Postby dylski71 » Thu Dec 03, 2009 7:51 pm

Well Jasmin,

I have quite a bit to say. It's somewhat of a long story but I feel by posting, I may feel better about the way things turned out.

So, we bonded quickly, she spent almost every day of the first 3 months at my place. We enjoyed long conversations, dinners (she loved the fact I cooked, but she could not) and movies, until I asked her to move in. Long story short, I proposed to her in May and we were married in October of 2005.

Not too many arguments those first 10 months. In fact, it was the only time she was genuinely nice (opportunistic manipulation I think, the idealization phase in full force). The Hooks were in very deep, very quickly. I felt on top of the world, proud and confident. My ego was being stroked even more that my johnson.

But after the last 3 years of hell, I finally started to realize that there were signs during our courtship that were unhealthy, and I didn't think to much of them when they occurred. I didn't know anything about setting healthy boundaries for myself, and I certainly didn't know anything about BPD.

To be honest, I had a different idea of what mental illness was supposed to be.
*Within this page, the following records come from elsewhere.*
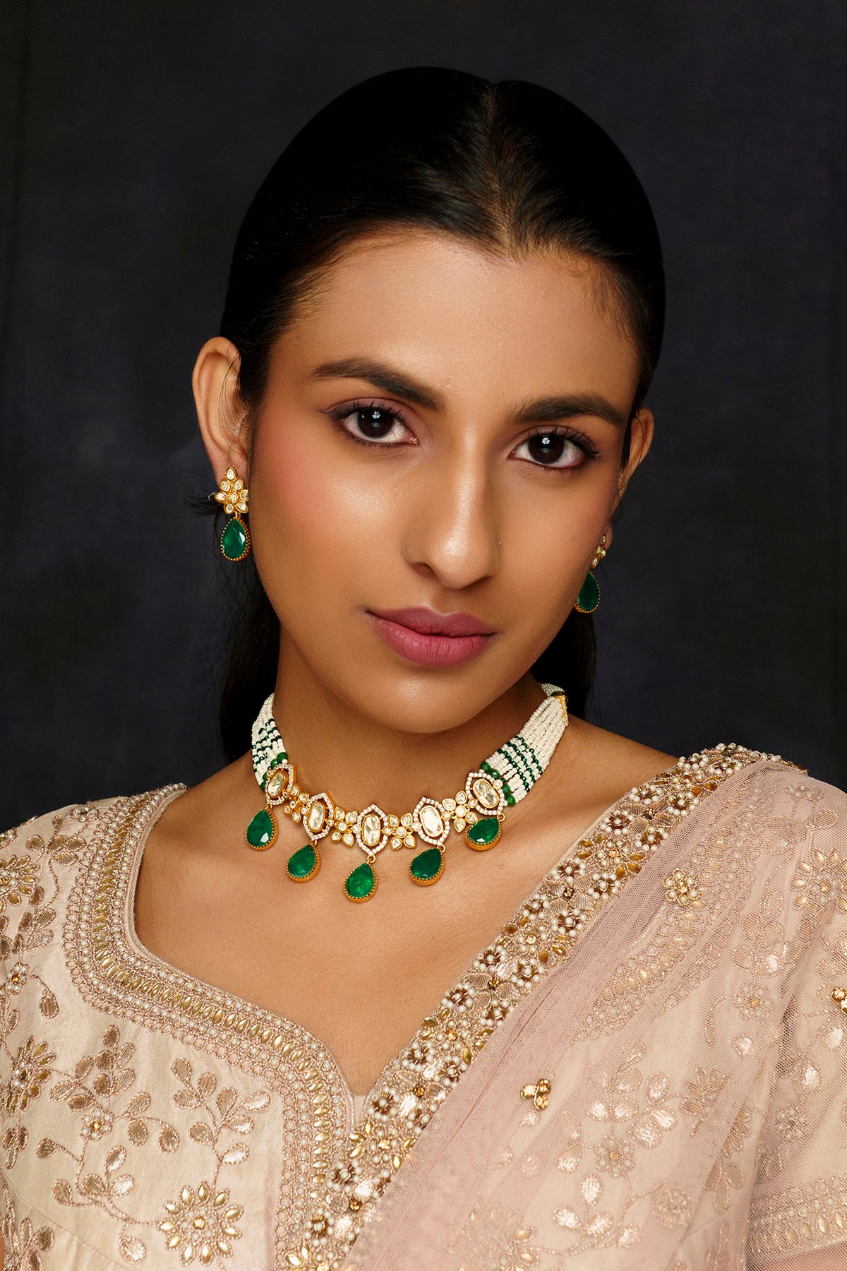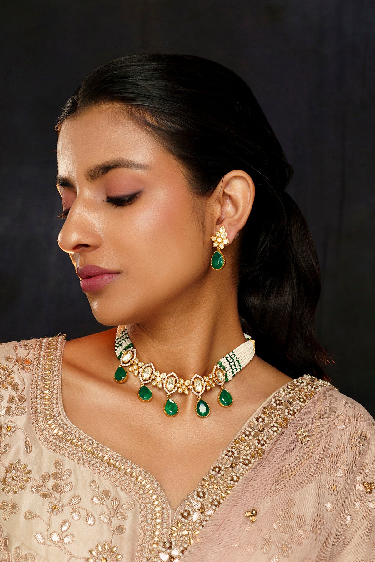 An elegant choker dazzling with rich green drops, radiant moissanite stones, and layered pearl strands. A luxurious blend of heritage and sophistication, it’s perfect for elevating any festive or bridal ensemble.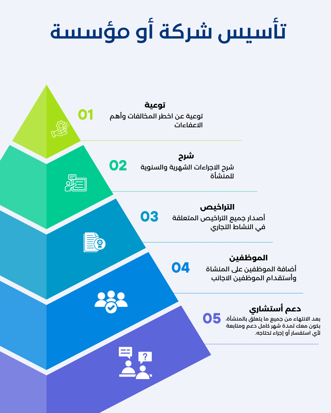 ١ اقدم لك عرض تاسيس مشروع متكامل يبدا بتوعية حول اخطر المخالفات واهم الاعفاءات لضمان انطلاقة سليمة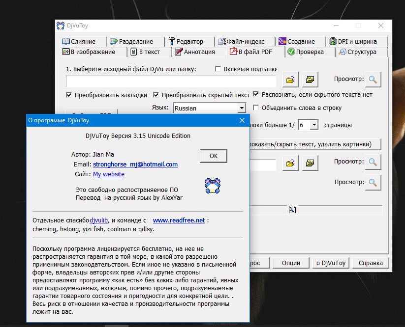 Сайт автора Jian Ma (китайский) - наиболее интересные софты: ComicEnhancer Pro, DjVuToy, FreePic2Pdf, PdgCntEditor, TiffToy Скачать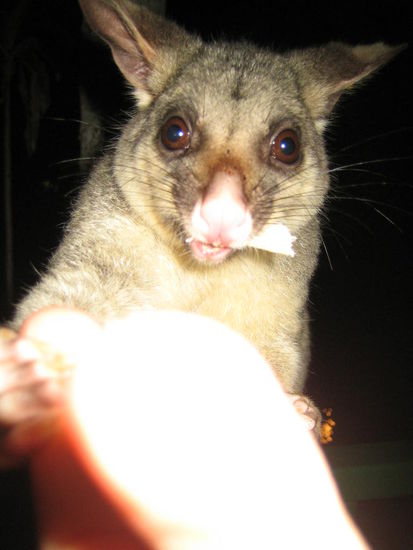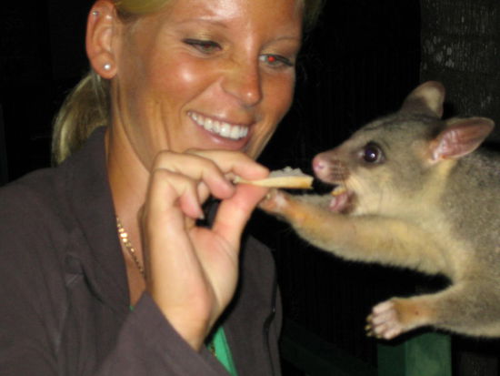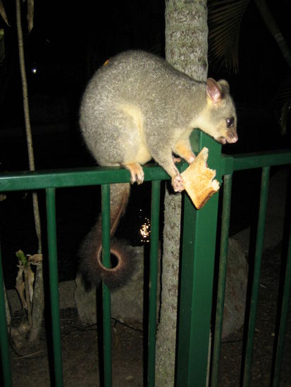 Und weil ich natuerlich nicht nur so eine tolle Mitarbeiterin, sondern auch so eine gute Konkurrentin bin, hat mich ein Mitarbeiter (Busfahrer) eines anderen Hostels abends eingeladen, mal auf ein free meal vorbeizuschauen. Nicht selbst kochen? Da bin ich doch dabei. Und neben dem Essen, gab es auch noch Streichelzoo umsonst. Das erste Mal, dass ich ein Opossum (hier heissen die nur Possum) in freier Wildbahn sehe...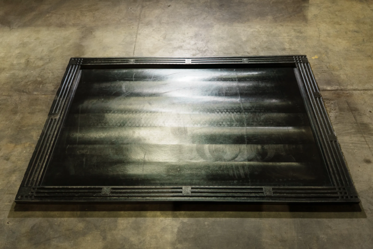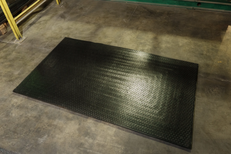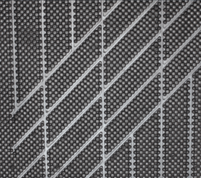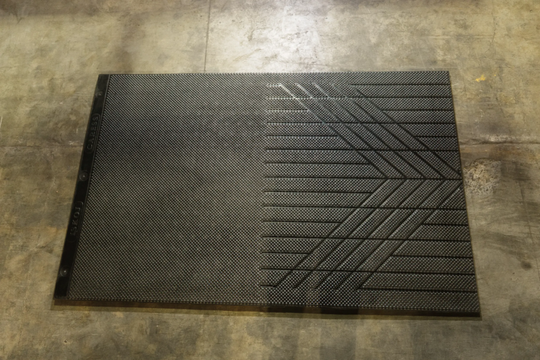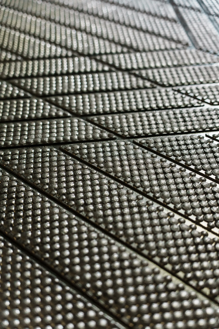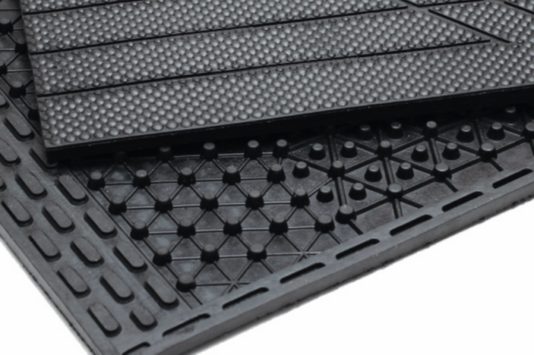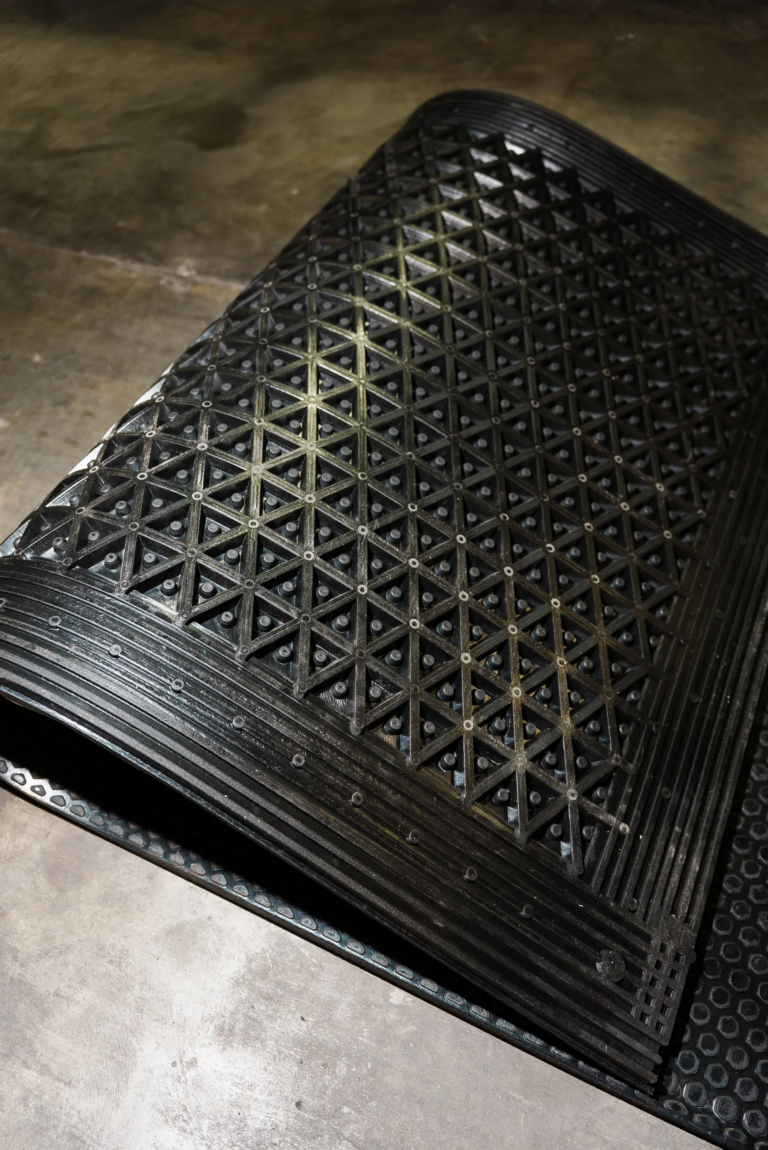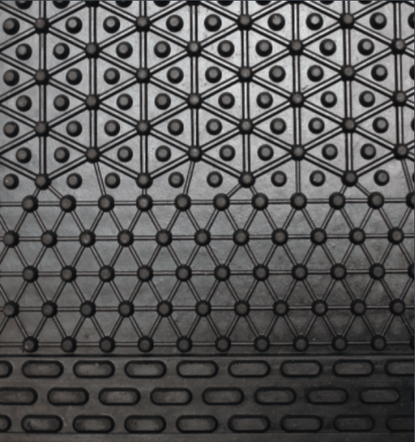 Уклон на покрытии в сторону навозного прохода и специальный рельефный рисунок в виде продольных полос на поверхности способствует более быстрому стеканию жидкости и высыханию ковра, что обеспечивает чистоту в стойло-месте

I foolishly and stereotypically thought a mentally ill person was one of those people walking around on the street, dribbling, talking back to the voices going off in their heads. Naive I was. Never again will I stereotype a personality disorder/mental ilness.

These early red flags and signs I mentioned included:

1.) Frantically receiving a call at my workplace, asking me if I was going to leave her just three weeks after we'd met. Apparently, she checked the dating website and saw my profile still active. She was the first and only woman I met through that site, and I had only paid a 1 month membership. It was going to expire within the week. I simply had to convince her that I just never went back to the website and my membership would expire on its own. But I gave into her demands and cancelled the remaining week of membership online, removing my profile to make her feel "secure".
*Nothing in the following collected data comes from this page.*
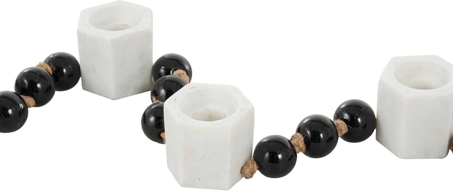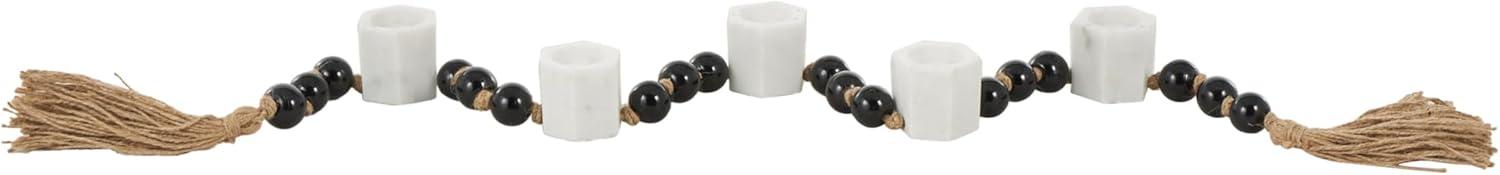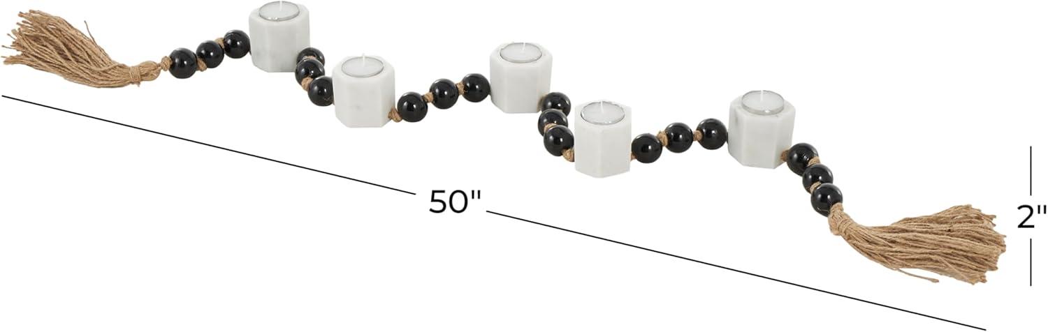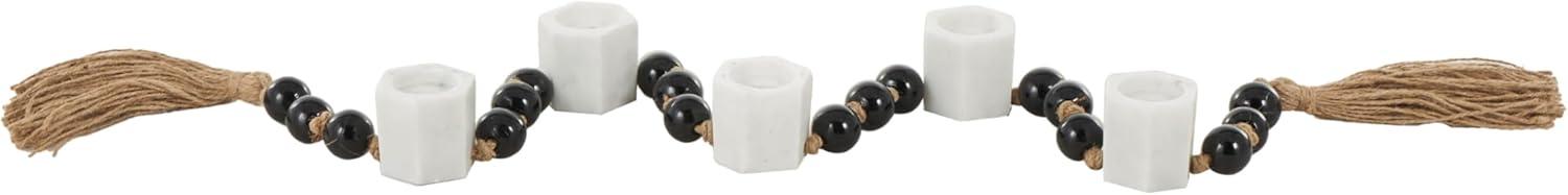Deco 79 Marble Decorative Candle Holder Garland Candle Stand with Brown Tassel and Black Beads, Candlestick Holder 50″ x 2″ x 2″, White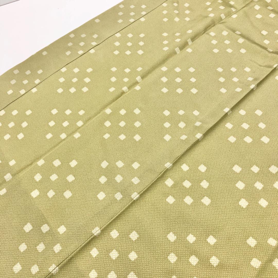 裏柳色のお色味に四角柄がデザインされた素敵な柄裄のお品でございます。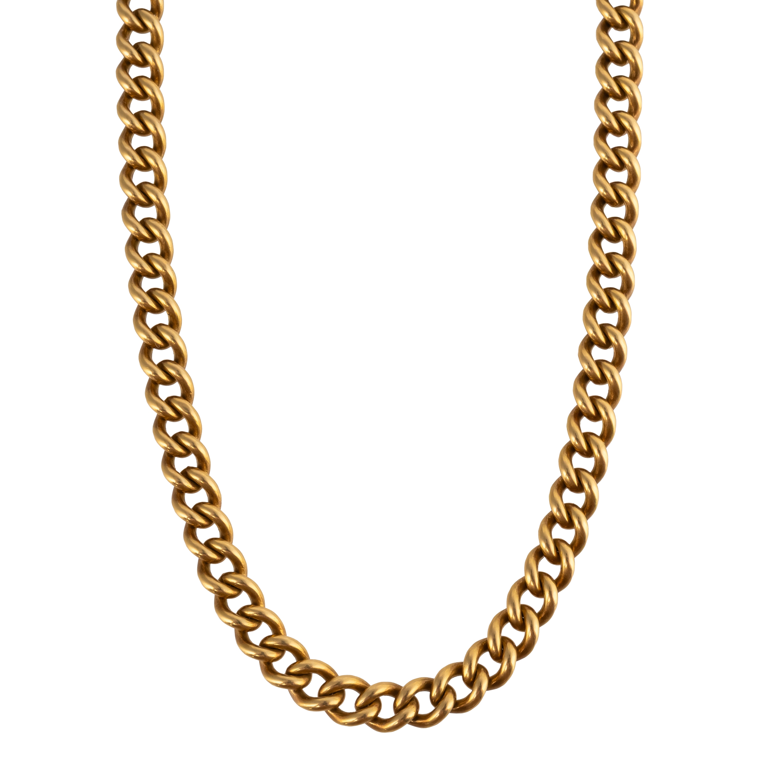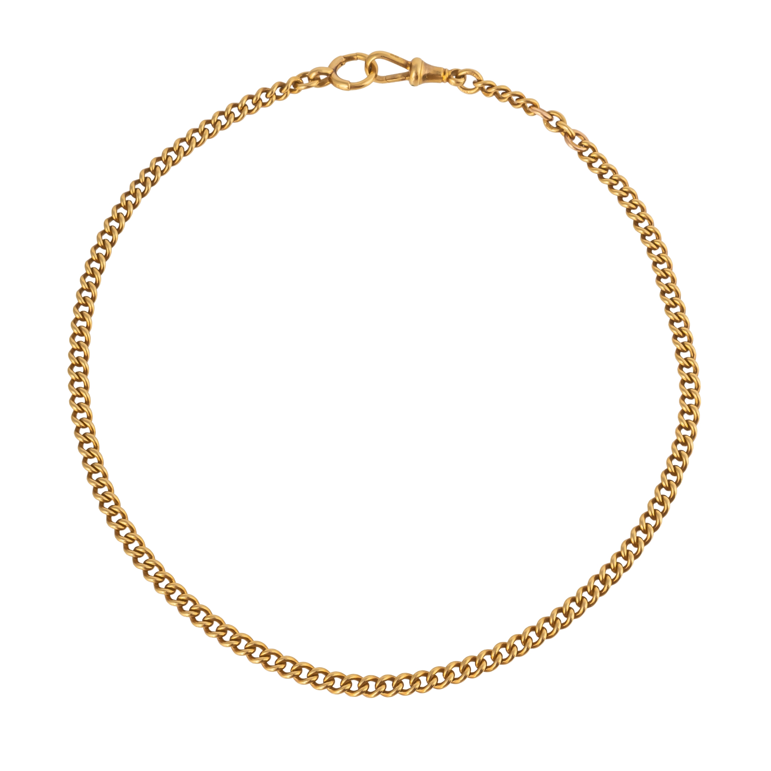 In 18ct gold with some 9ct gold link replacements, with a swivel clasp and bolt ring, measuring 38.5cm in length, weight 27.4 grams

2.) She told me that I had a very outgoing personality the first time I met a couple she knew, but that I tended to dominate conversation. Her friends were asking me all kinds of questions, and I simply answered them. She was hostile about it. I asked her to explain why she felt this way, but I couldn't get a straight answer out of her. The truth is, I was having a rather mild conversation with her girlfriend's husband in a separate room in their house. Otherwise, I kept fairly quiet and minded my manners. That situation confused me.
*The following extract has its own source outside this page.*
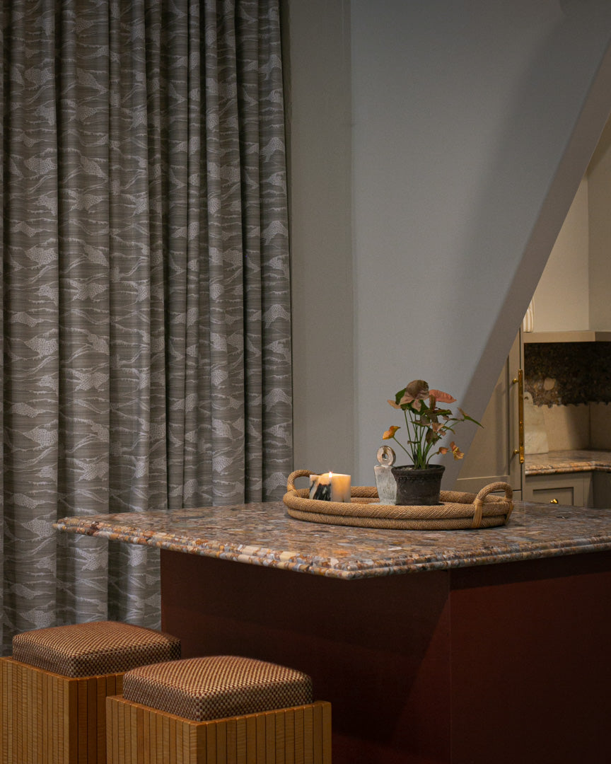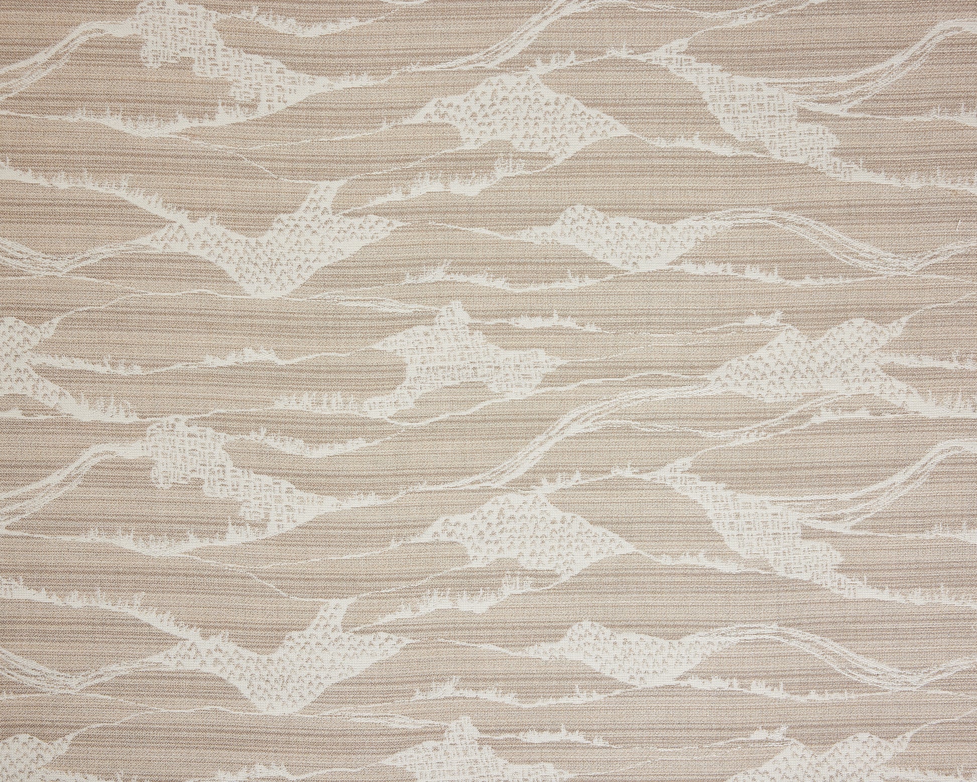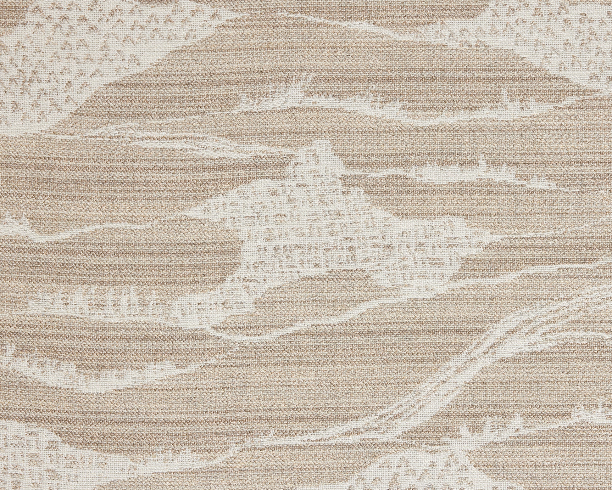 Our modern toile takes on a new perspective as a performance textile. It is reinterpreted with an inverted design, rendering the pattern in white set against a field of layered colors, lines, and textures. The dense landscape, at once spatial and sparse, is similar in formation to the original yet vastly different in composition. Woven in a stria of sand colored beiges out of 100% solution dyed acrylic.

3.) When I discussed marriage with her the first time, she was insistent on getting a ring with at least one carat, just like "all of her best friends had". Very few of those "best friends" remain, and they see her once every few months for polite chitchat and superficial conversation. She maintains a few long-standing relationships with those whom she sees the least or on a somewhat controlled basis where she initiates the plans at her own convenience.

4.) I was outgoing and always fared well with communicating with others. She insisted I had listening problems and that would have to change...Eventually; over the course of our whirlwind marriage- I stopped saying anything.

5.) She mentioned that ALL of her relationships were with horrible men and she had to end things abruptly because she didn’t put up with nonsense. Comments like “all men are the same”, or “you know how men are?”...Except for me at the time. I was still being idealized as her personal messiah, and I have to say- I both wanted and enjoyed the adoration. However, I often would get into small arguments about the fact that not all men are the same, and not all women are the same...Everybody is unique and complex in their own way.

I never actually met her family for the first 2-3 months, although I asked her if and when I could. She told me that it wasn’t the right time because her younger sister had just moved back in after a 3 month long marriage with a coke addicted, porn addicted loser whom she was with for 7 years prior to marriage. The funny thing is it was my wife that had introduced her sister to this guy years before. My wife simply said she did not want to make her sister feel bad and depressed with me coming around, especially because my wife was on cloud nine with our relationship.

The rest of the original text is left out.